Abstract

(1) Background: Hypertriglyceridemia (HiTG) is a metabolic complication of intravenous lipid emulsions (ILEs) infusion. We aimed to evaluate the influence of HiTG on the respiratory outcome of preterm babies; (2) Methods: We enrolled, in a case–control study, newborns with gestational age <32 weeks or birth weight <1500 g, over a 3-year period. They were divided into cases and controls; cases were defined by the detection of HiTG defined as serum triglycerides (TG) value >150 mg/dL; (3) Results: We enrolled 40 cases and 105 controls. Cases had an increased incidence of bronchopulmonary dysplasia (30.0% vs. 14.3%, p < 0.05) and longer duration of invasive mechanical ventilation (7 days, 95% CI 4–10 days vs. 4 days, 95% CI 1–7 days, p < 0.01) compared to controls.
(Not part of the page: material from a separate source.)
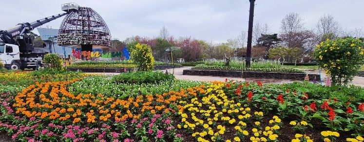 경기호연뉴스 민선기 기자 | 전남 함평군이 대한민국 대표 봄 축제인 나비대축제 개막을 앞두고 함평엑스포공원에 대형 꽃탑을 설치해 이목을 끈다.
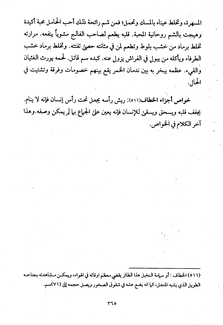 خواص أجزاء الخطاف: ريش رأسه يجعل تحت رأس إنسان فإنه لا ينام. يجفف قلبه ويسحق ويسقى للإنسان فإنه يعين على الجماع بما لم يمكن وصفه.

Multivariate analysis confirmed that HiTG independently influenced the duration of invasive mechanical ventilation, also in the subgroups with gestational age ≤28 + 6/7 weeks or birth weight ≤1000 g; (4) Conclusion: Newborns with HiTG related to ILEs had a longer duration of invasive mechanical ventilation. Temporary suspension or reduction in ILEs in the case of HiTG is associated with an improvement of respiratory outcome.

Highlights

  • Our primary outcome was the rate of prolonged invasive mechanical ventilation while our secondary outcome was the rate of mortality during hospital stay

  • We demonstrated that HiTG in the first 7 days of life (DOL) is associated with a worse respiratory outcome in preterm newborns

  • We considered as the primary outcome the rate of prolonged invasive mechanical ventilation and not the occurrence of bronchopulmonary dysplasia (BPD)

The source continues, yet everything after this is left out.